## Exercise objective
The answer must consist solely of the lines below starting at the one containing "Prose vulgari. divise" and ending at the one containing "Spielbrett aus Holz", repeated exactly, with both ends included and all pictures omitted.

## Data provided
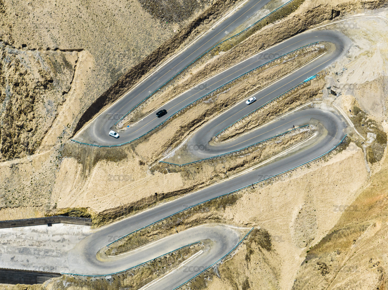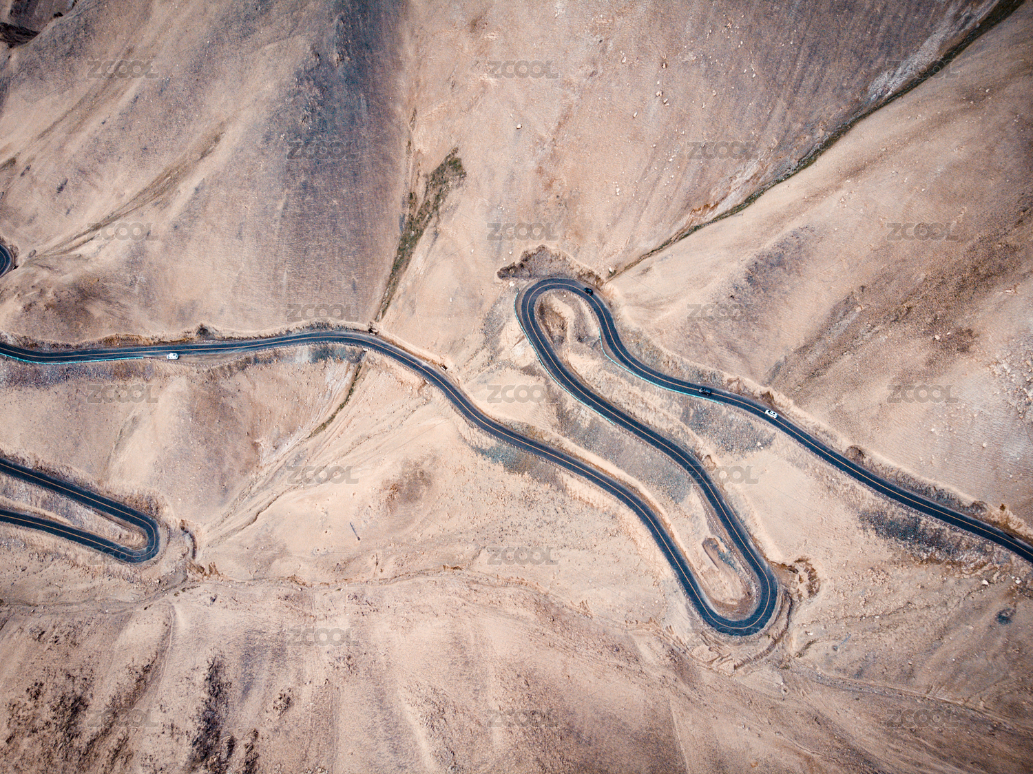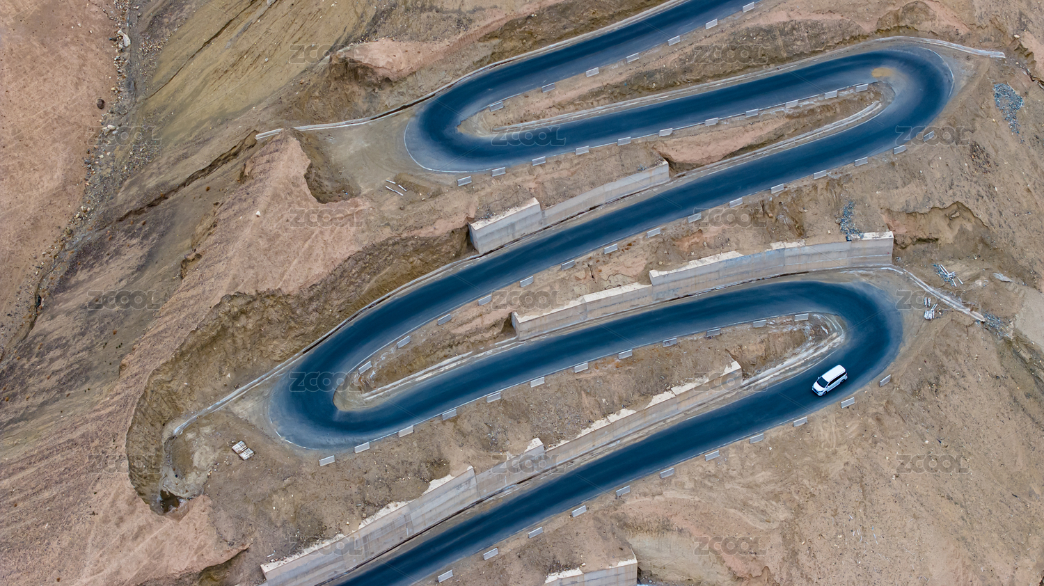汽车行驶在蜿蜒的山路上中国新疆盘龙古道
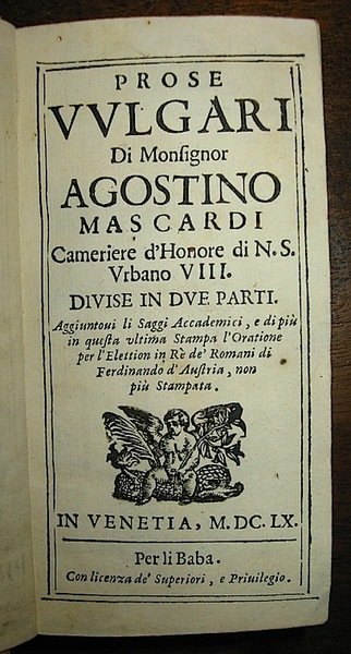 Prose vulgari. divise in due parti. Aggiuntovi li Saggi Accademici, e di più in questa ultima stampa l’Oratione per l’Elettion in Rè de’ Romani di Ferdinando d’Austria, non più stampata
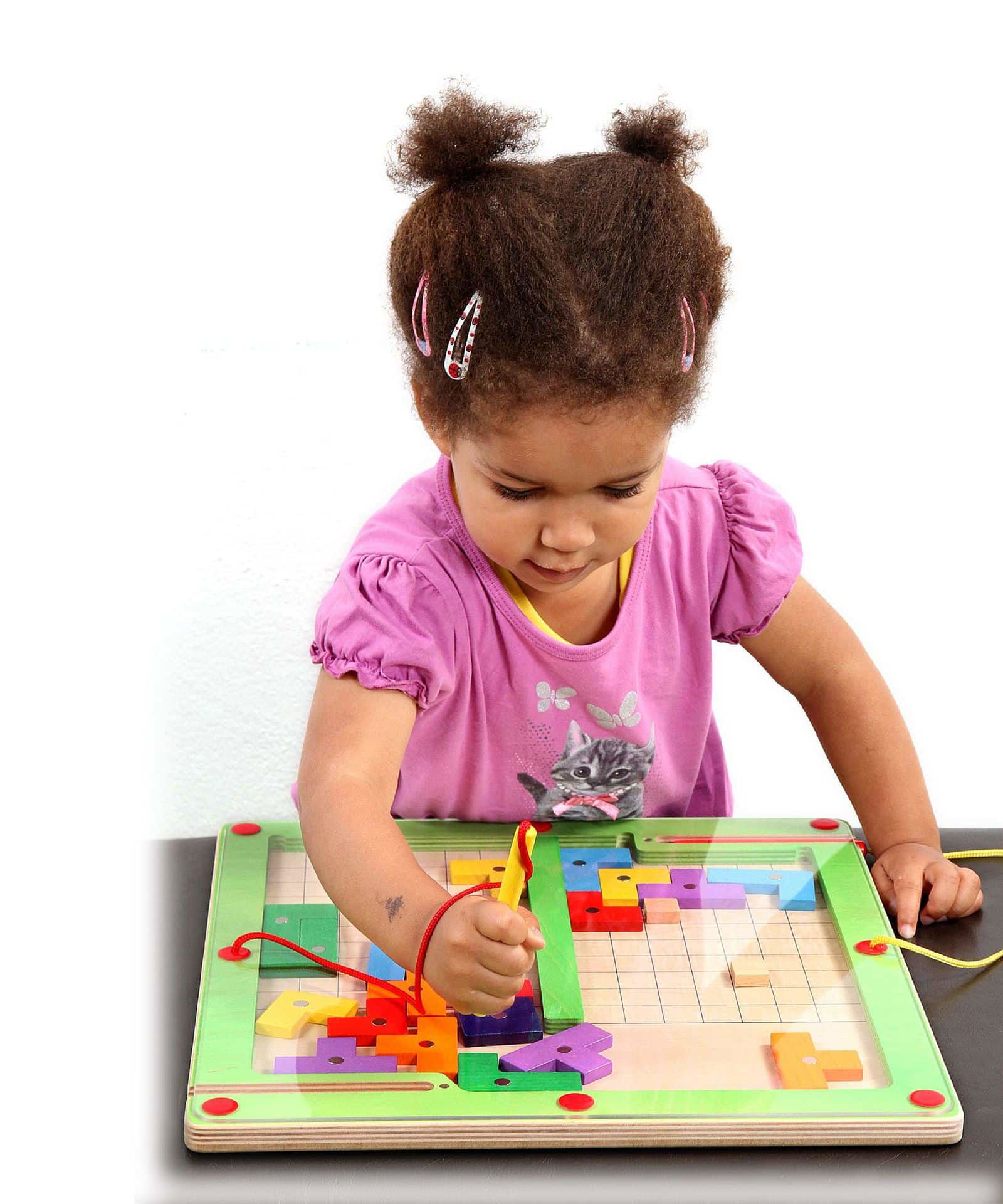 Spielbrett aus Holz mit Acrylglasplatte. Das „Magnetris“ ist ein Fliesenpuzzle mit 19 unterschiedlichen T- und L-förmigen Holzelementen, die sich mit zwei Magnetstiften verschieben lassen. Gefordert werden strategisches und räumliches Denken sowie die Geschicklichkeit der Spieler. Enthält zwei Magnetstifte.
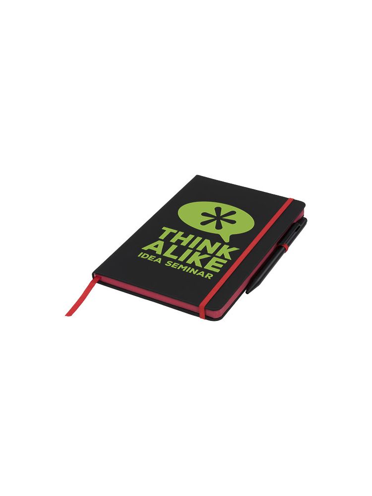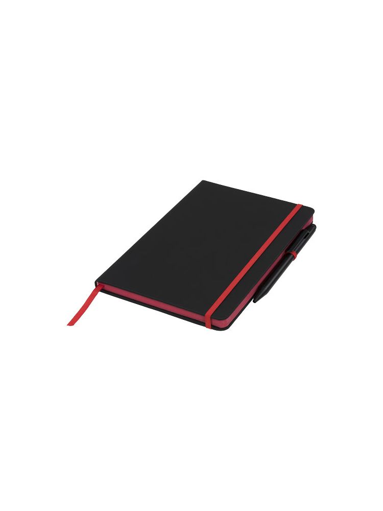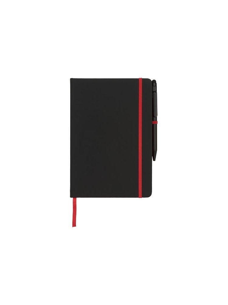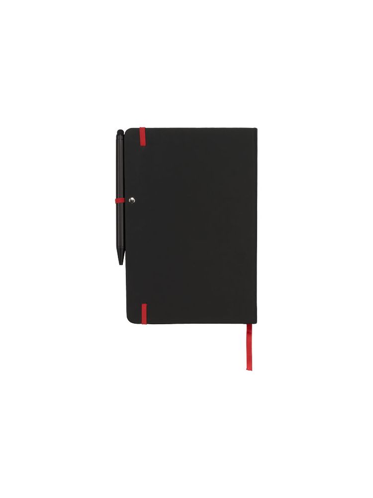 Nowoczesny i stylowy czarny notes z przyjemną w dotyku okładką. Ma kolorowe krawędzie. W zestawie pasujący kolorem marker, pętelka na długopis i pasek do zamykania notesu. W zestawie czarny długopis ze stylusem bez zdobień. 96 kremowych kartek w linie (gramatura 70 g/m²).

## Result
 Prose vulgari. divise in due parti. Aggiuntovi li Saggi Accademici, e di più in questa ultima stampa l’Oratione per l’Elettion in Rè de’ Romani di Ferdinando d’Austria, non più stampata
 Spielbrett aus Holz mit Acrylglasplatte. Das „Magnetris“ ist ein Fliesenpuzzle mit 19 unterschiedlichen T- und L-förmigen Holzelementen, die sich mit zwei Magnetstiften verschieben lassen. Gefordert werden strategisches und räumliches Denken sowie die Geschicklichkeit der Spieler. Enthält zwei Magnetstifte.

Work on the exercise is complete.